• **RECORDS TO USE**
* * *

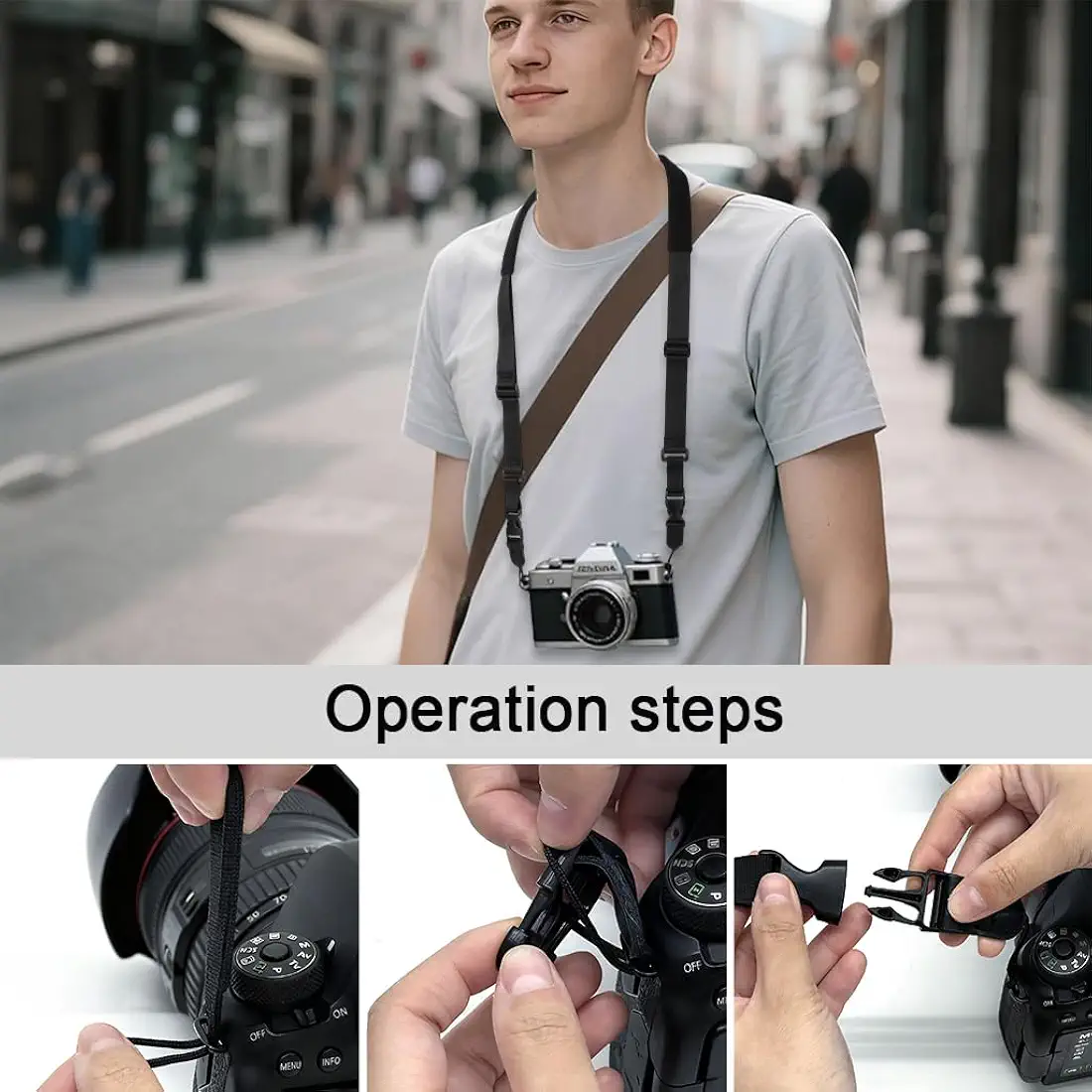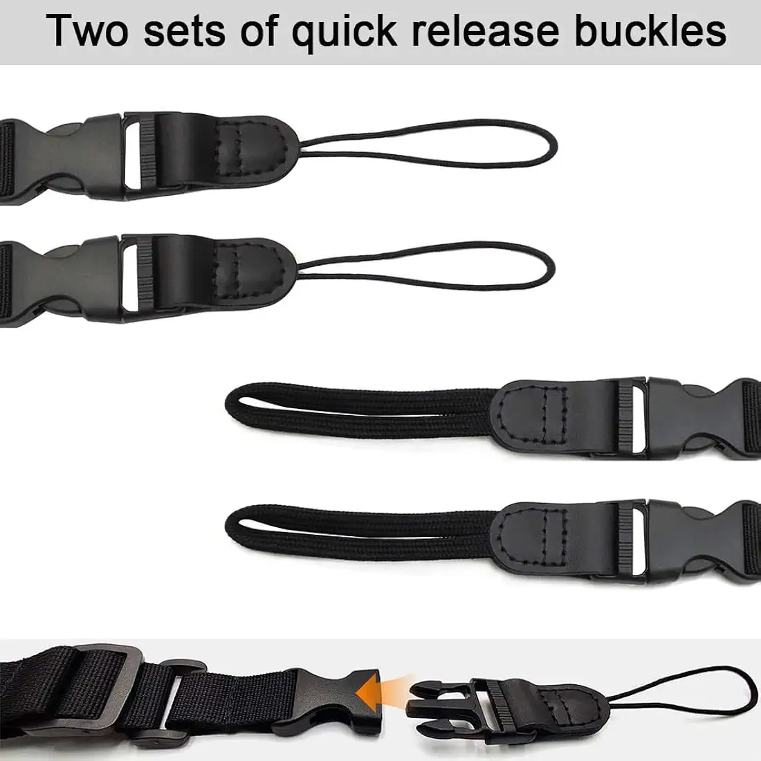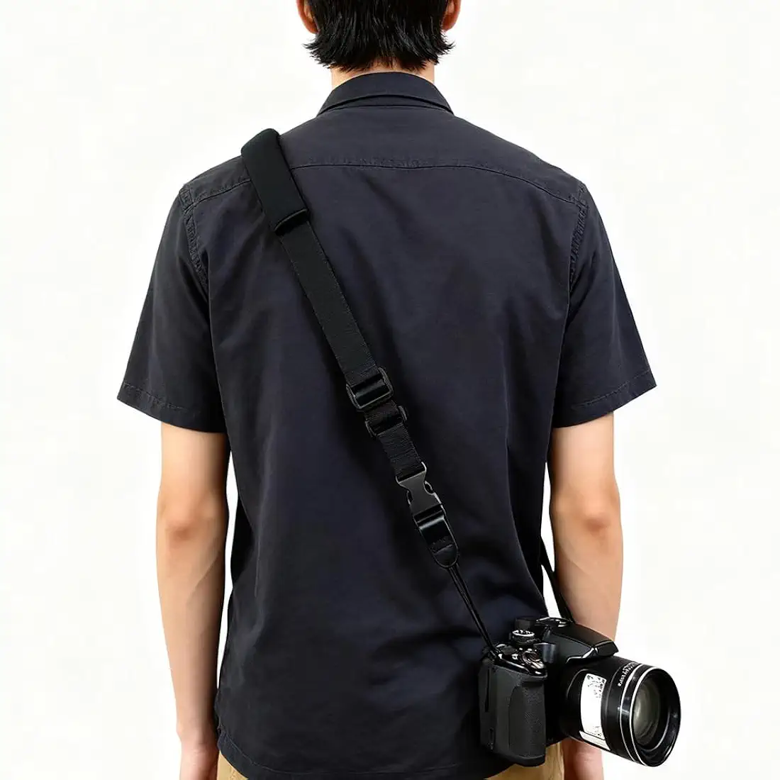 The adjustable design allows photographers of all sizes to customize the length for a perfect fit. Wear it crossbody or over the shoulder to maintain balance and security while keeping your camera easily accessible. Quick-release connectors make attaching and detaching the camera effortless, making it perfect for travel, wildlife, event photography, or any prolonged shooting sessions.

* * *

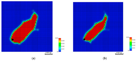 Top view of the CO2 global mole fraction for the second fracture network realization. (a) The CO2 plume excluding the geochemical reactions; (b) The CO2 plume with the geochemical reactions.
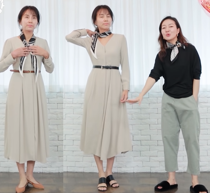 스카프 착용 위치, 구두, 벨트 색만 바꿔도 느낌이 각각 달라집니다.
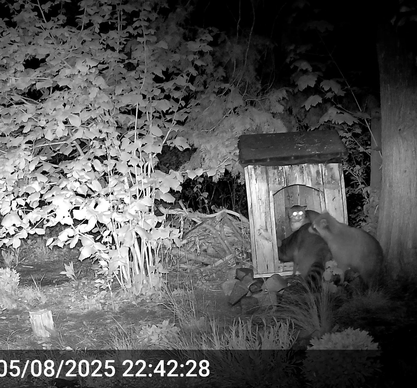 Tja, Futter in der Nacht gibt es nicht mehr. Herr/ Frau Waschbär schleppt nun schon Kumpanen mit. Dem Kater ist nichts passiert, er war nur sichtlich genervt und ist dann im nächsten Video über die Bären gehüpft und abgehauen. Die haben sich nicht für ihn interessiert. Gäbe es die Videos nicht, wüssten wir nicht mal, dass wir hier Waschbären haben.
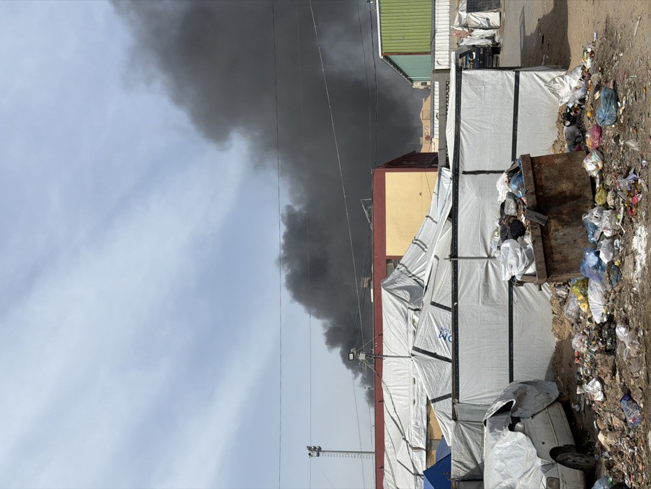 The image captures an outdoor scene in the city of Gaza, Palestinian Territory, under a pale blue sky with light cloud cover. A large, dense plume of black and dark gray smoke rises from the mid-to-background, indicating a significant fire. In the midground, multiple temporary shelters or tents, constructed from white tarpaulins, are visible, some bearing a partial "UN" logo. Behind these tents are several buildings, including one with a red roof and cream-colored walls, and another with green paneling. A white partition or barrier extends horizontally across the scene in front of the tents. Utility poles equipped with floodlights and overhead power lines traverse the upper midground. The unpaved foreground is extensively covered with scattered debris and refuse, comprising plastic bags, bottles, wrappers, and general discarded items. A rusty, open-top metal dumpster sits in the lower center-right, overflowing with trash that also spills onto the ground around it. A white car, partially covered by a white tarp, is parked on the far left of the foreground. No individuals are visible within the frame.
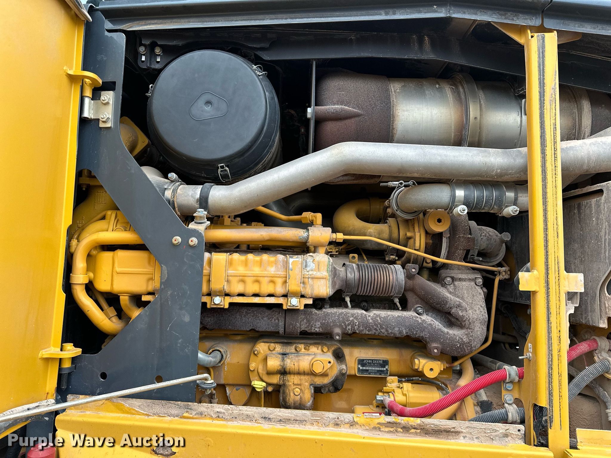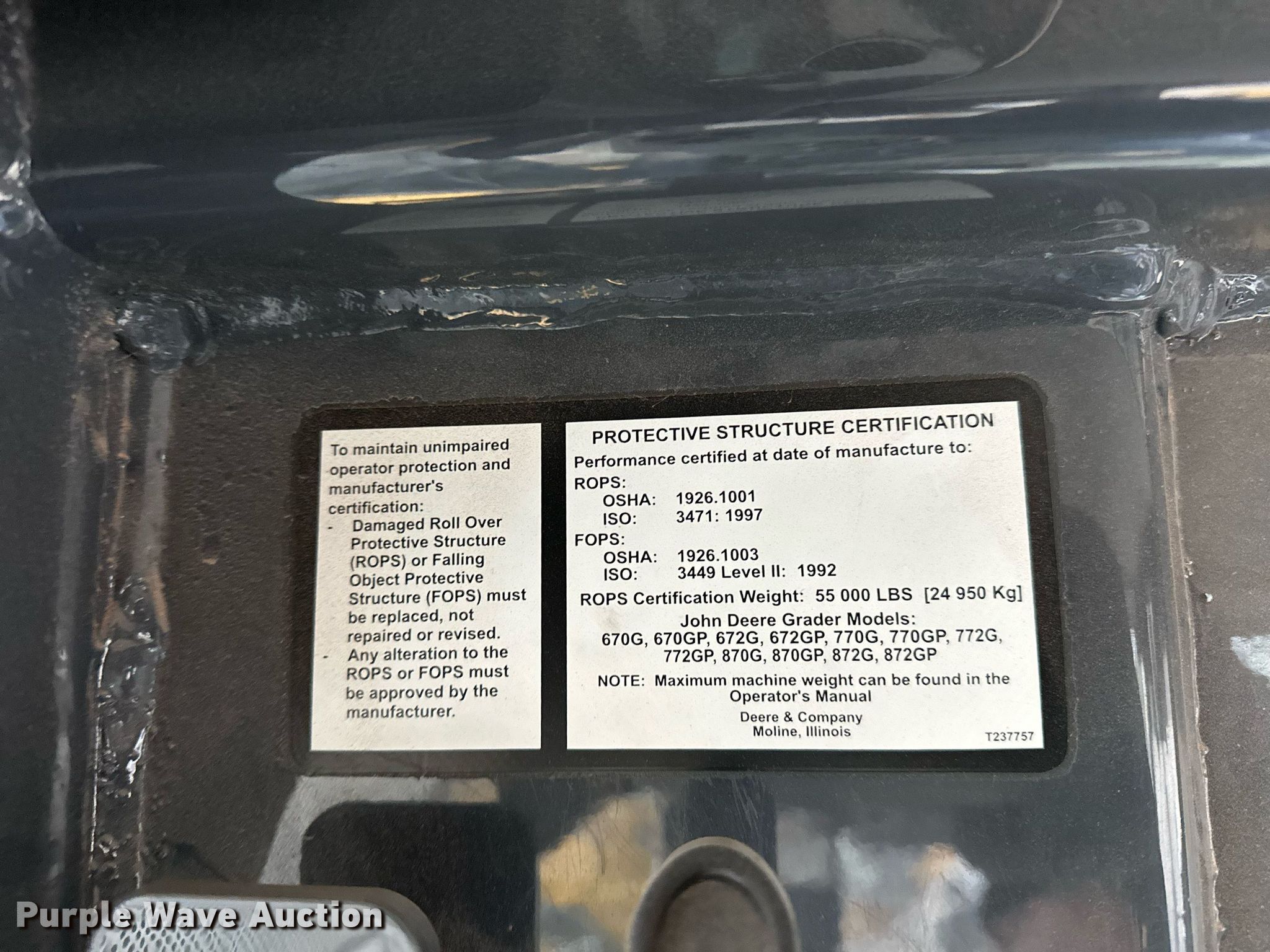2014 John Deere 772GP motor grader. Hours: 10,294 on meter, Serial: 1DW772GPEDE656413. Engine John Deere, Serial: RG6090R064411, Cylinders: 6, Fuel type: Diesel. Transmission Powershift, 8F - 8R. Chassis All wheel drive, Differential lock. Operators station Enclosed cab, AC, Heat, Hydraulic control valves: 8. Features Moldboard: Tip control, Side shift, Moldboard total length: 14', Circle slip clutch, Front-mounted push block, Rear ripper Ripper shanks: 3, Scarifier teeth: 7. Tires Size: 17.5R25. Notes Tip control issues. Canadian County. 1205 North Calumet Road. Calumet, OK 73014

* * *

• **EXERCISE INSTRUCTIONS**
Within the listing above, extract exactly the lines that run from the one containing "스카프 착용 위치, 구두, 벨트 색만 바꿔도 느낌이 각각 달라집니다." through the one containing "The image captures", excluding any pictures.

• **EXERCISE SOLUTION**
 스카프 착용 위치, 구두, 벨트 색만 바꿔도 느낌이 각각 달라집니다.
 Tja, Futter in der Nacht gibt es nicht mehr. Herr/ Frau Waschbär schleppt nun schon Kumpanen mit. Dem Kater ist nichts passiert, er war nur sichtlich genervt und ist dann im nächsten Video über die Bären gehüpft und abgehauen. Die haben sich nicht für ihn interessiert. Gäbe es die Videos nicht, wüssten wir nicht mal, dass wir hier Waschbären haben.
 The image captures an outdoor scene in the city of Gaza, Palestinian Territory, under a pale blue sky with light cloud cover. A large, dense plume of black and dark gray smoke rises from the mid-to-background, indicating a significant fire. In the midground, multiple temporary shelters or tents, constructed from white tarpaulins, are visible, some bearing a partial "UN" logo. Behind these tents are several buildings, including one with a red roof and cream-colored walls, and another with green paneling. A white partition or barrier extends horizontally across the scene in front of the tents. Utility poles equipped with floodlights and overhead power lines traverse the upper midground. The unpaved foreground is extensively covered with scattered debris and refuse, comprising plastic bags, bottles, wrappers, and general discarded items. A rusty, open-top metal dumpster sits in the lower center-right, overflowing with trash that also spills onto the ground around it. A white car, partially covered by a white tarp, is parked on the far left of the foreground. No individuals are visible within the frame.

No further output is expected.